What if I came up with a theme in the morning, then improvised variations throughout the day? What would that add up to? Call it a variation on the theme and variations idea, but in the form of a diary of a single day in the life of Peter Saltzman.
Like the Sonata Allegro form I discussed in episode #26, the **Theme and Variations** form has a long history—and not just in classical music. In fact, having a theme, then varying it, is fundamental to the music-making process itself. And like the sonata-allegro form, the Theme and Variations form is, in some ways a primary way of creating music in larger structures.
- State a theme (usually, but not always in some song form)

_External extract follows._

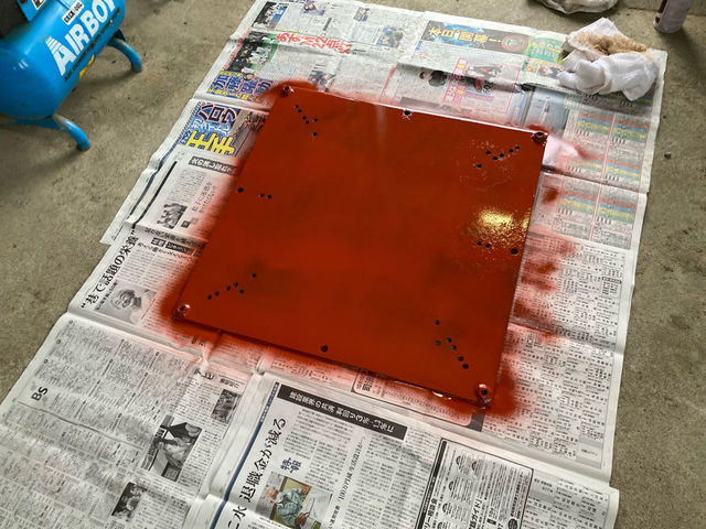 2021/12/12-塗装など…This entry was posted in DIY on 2021年12月12日 by cutsn 店のサインポール(散髪屋さんの前でクルクル回ってるやつ)の土台部分のサビが気になったので、塗ることにしました。 まずはバラし。 30年ぐらい経ってる割には、そんなに酷く無いですね。 スクレーパーとサンドペーパーでサビを落としてから、下地の錆止め塗装。 1回目〜 ムラを消す感じで、もう一回錆止めと塗った後に、黒で塗装。 下地のデコボコが気になりますが、裏側なので、まあ良いか(笑) スッキリしました。 ちょっと手直しした部分もあるので、それはチョコチョコっとスプレーしとこうと思います。 スプレーは楽やけど、ムラなく塗るのは難しいですね〜。 また何か塗装してスキルアップしたいと思います(^^) CM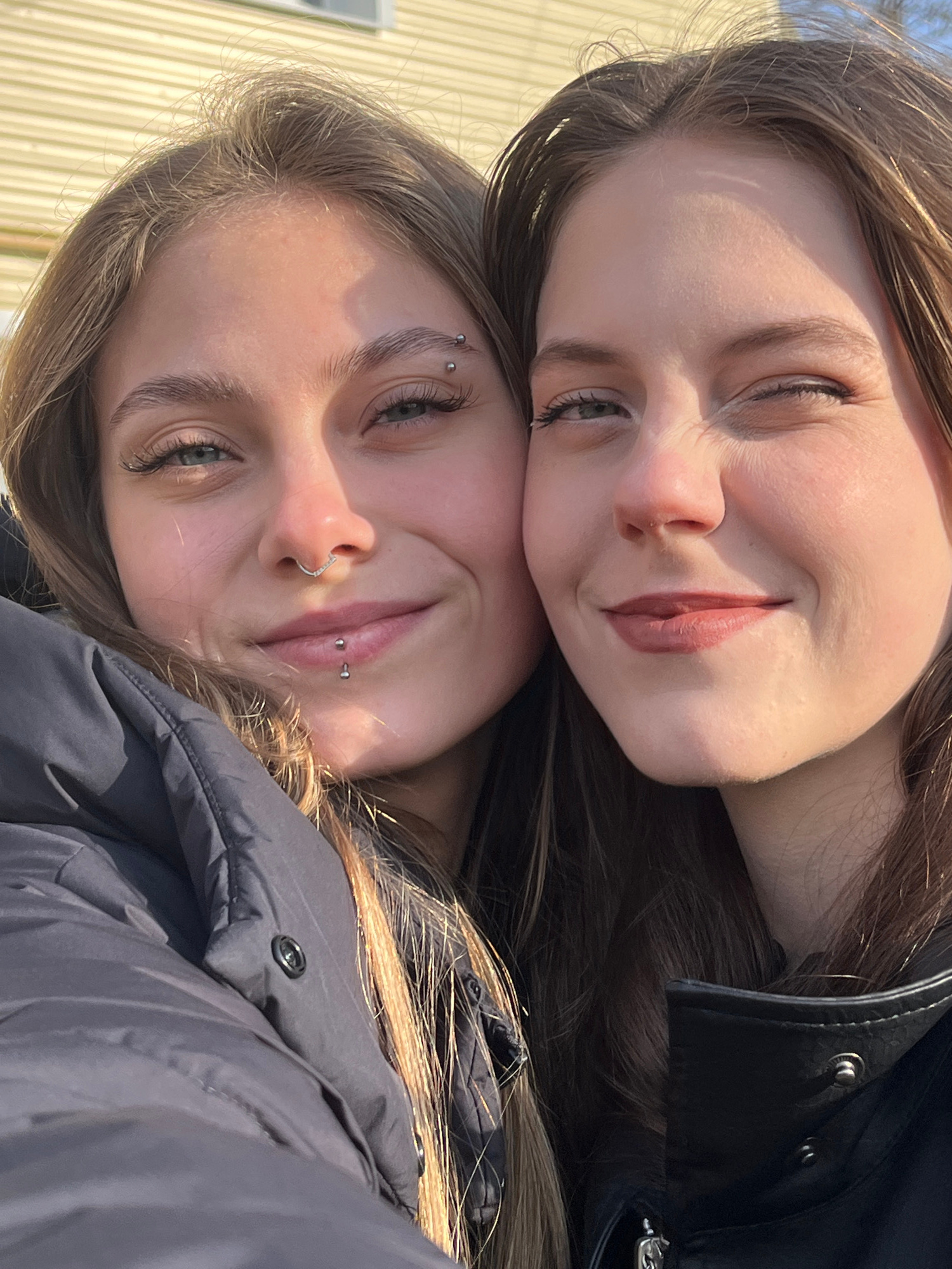 Two young women are captured in a close-up selfie, embracing a casual and friendly pose in an outdoor setting in Фоки, Russia. The image is rotated, with their heads angled to the bottom left. The wo…read more

- Improvise or compose multiple discrete variations on that theme By discrete, I mean that you, the listener, should be able to easily discern where one variation begins and ends. Each variation is, in a sense, its own little self-contained piece of music, and each will normally have a particular characteristic or characteristics that easily distinguishes it from the others. The attributes can include:
Key center and mode (major or minor)
Groove and time signature
3. End with a variation that acts as a fitting conclusion
Of course, how all of this unfolds depends on the era, the composer, and the context of the theme and variations itself. Often, as in the case of some Beethoven sonatas and symphonies (see the final movement of the Eroica), the form is used as a movement in a multi-movement piece.
In my case, at least for IOTL, the theme and variations are improvised. That is the part of the context for how these variations unfold. The other part is that I decided to relate each variation to something that was going on in my day. Or perhaps to describe my day in the form of improvised musical notes. It doesn’t matter in the end: the music works or doesn’t work on its own merits.